Missing data imputation - Following Julia Silge’s worked example

Introduction

This is dataset on captive Africans, and Julia Silge shows how to impute missing data in her worked exmaple, which I am following closely. The link is here.

Learning points

• Using recipes to impute missing data
• Using nanir for the gg_miss_upset plot to see the pattern of missingness
• Using moments package to confirm skewness of distribution as a numerical value

Load packages

library(pacman)

p_load(tidyverse, tidymodels, ggsci, GGally, janitor, ggthemes, skimr, naniar, kable, kableExtra, moments) 

Load Data

More information regarding the dataset can be found here.

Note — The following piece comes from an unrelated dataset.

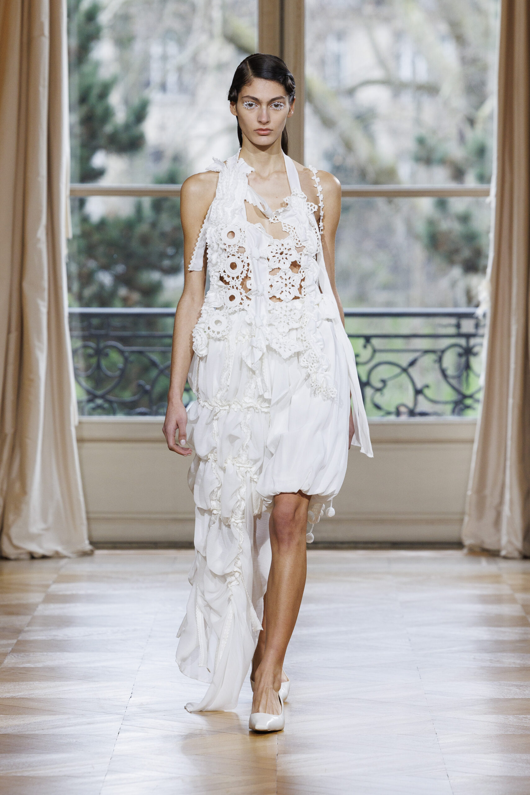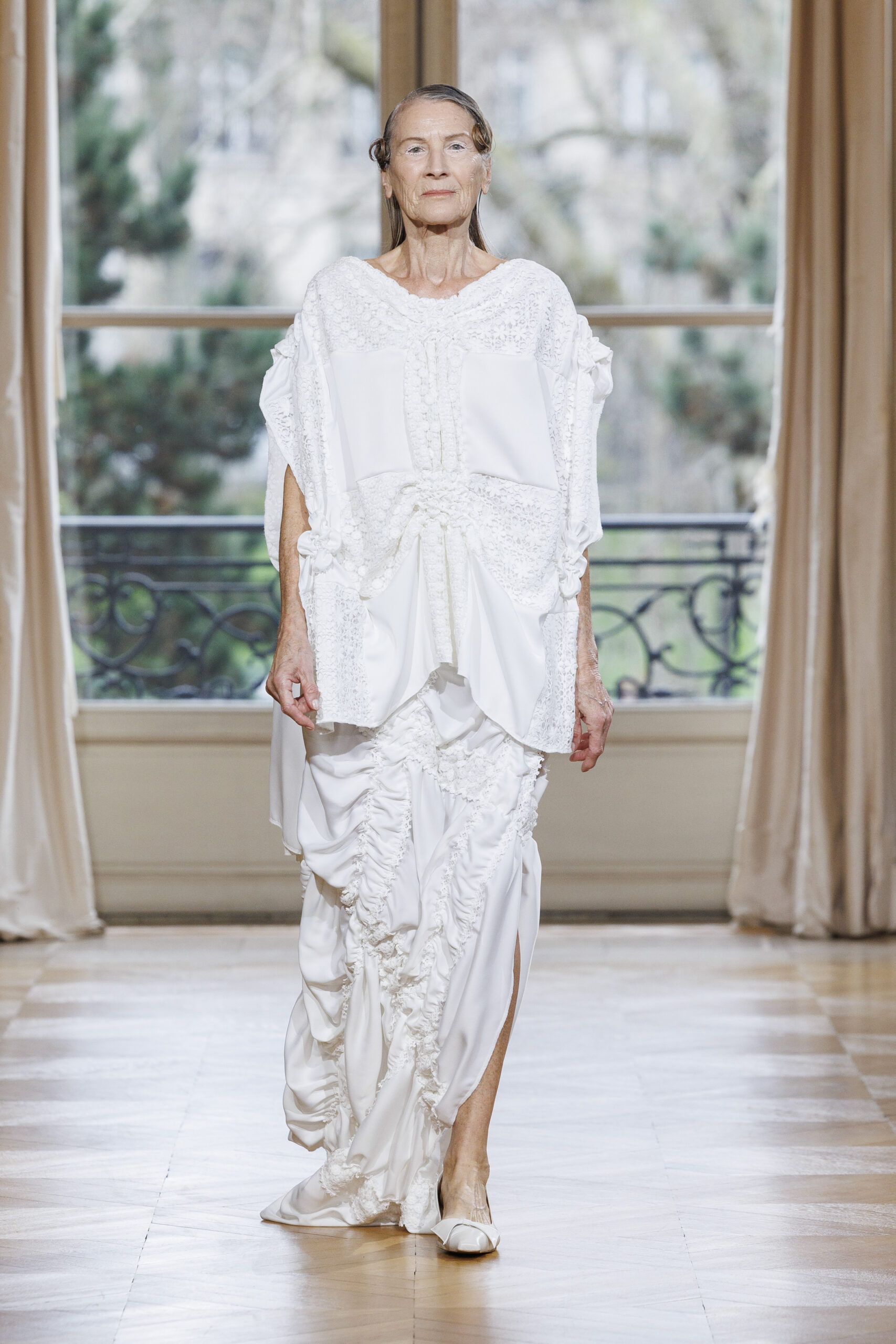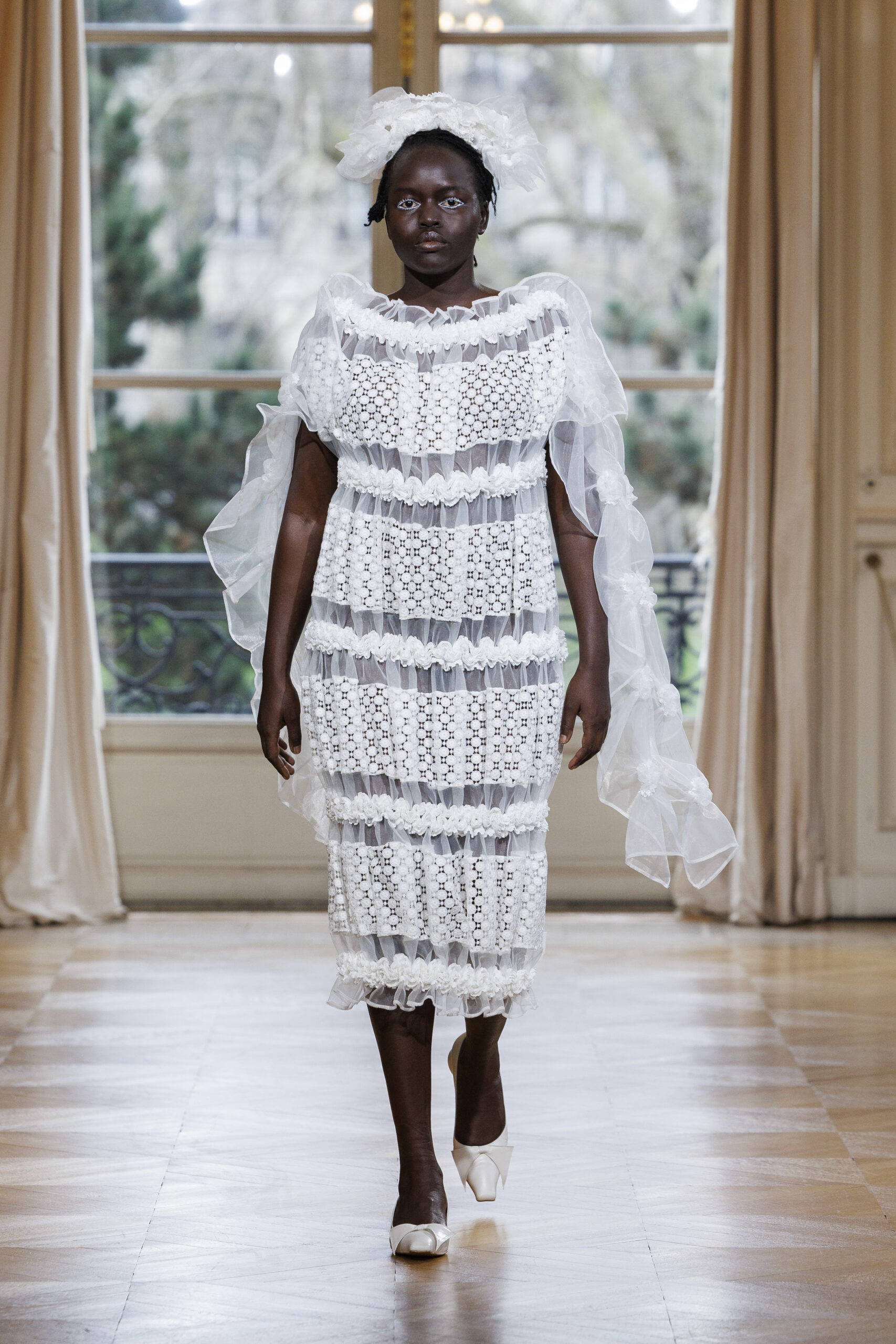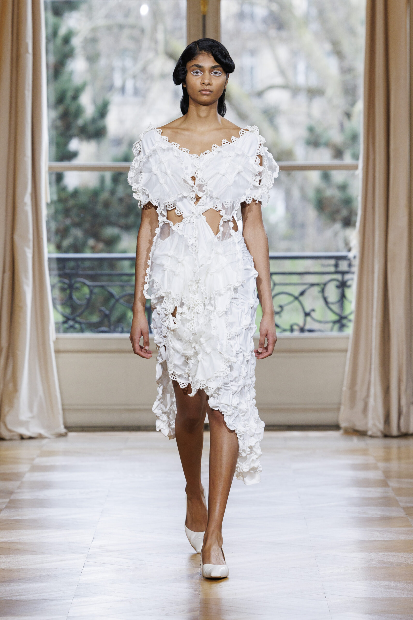 Róisín Pierce continue de prouver son engagement envers l’artisanat avec des techniques innovantes mêlant smock et crochet, ainsi que l’évolution du crochet à main irlandais. La collection intègre des matériaux durables, tels que du coton de fin de série, de l’organza recyclé, et de la dentelle crochetée irlandaise, soulignant son approche responsable de la mode.

african_names_raw <- readr::read_csv("https://raw.githubusercontent.com/rfordatascience/tidytuesday/master/data/2020/2020-06-16/african_names.csv")

EDA

Data shape

glimpse(african_names_raw)

Rows: 91,490
Columns: 11
$ id             <dbl> 1, 2, 3, 4, 5, 6, 7, 8, 9, 10, 11, 12, 13, 14…
$ voyage_id      <dbl> 2314, 2315, 2315, 2315, 2315, 2315, 2315, 231…
$ name           <chr> "Bora", "Flam", "Dee", "Pao", "Mufa", "Latty"…
$ gender         <chr> "Man", "Man", "Man", "Man", "Man", "Man", "Ma…
$ age            <dbl> 30, 30, 28, 22, 16, 22, 20, 30, 18, 23, 30, 2…
$ height         <dbl> 62.5, 64.0, 65.0, 62.5, 59.0, 67.5, 62.0, 65.…
$ ship_name      <chr> "NS de Regla", "Fabiana", "Fabiana", "Fabiana…
$ year_arrival   <dbl> 1819, 1819, 1819, 1819, 1819, 1819, 1819, 181…
$ port_disembark <chr> "Freetown", "Freetown", "Freetown", "Freetown…
$ port_embark    <chr> "Little Bassa", "Trade Town", "Trade Town", "…
$ country_origin <chr> NA, NA, NA, "Crue", "Crue", NA, "Crue", "Crue…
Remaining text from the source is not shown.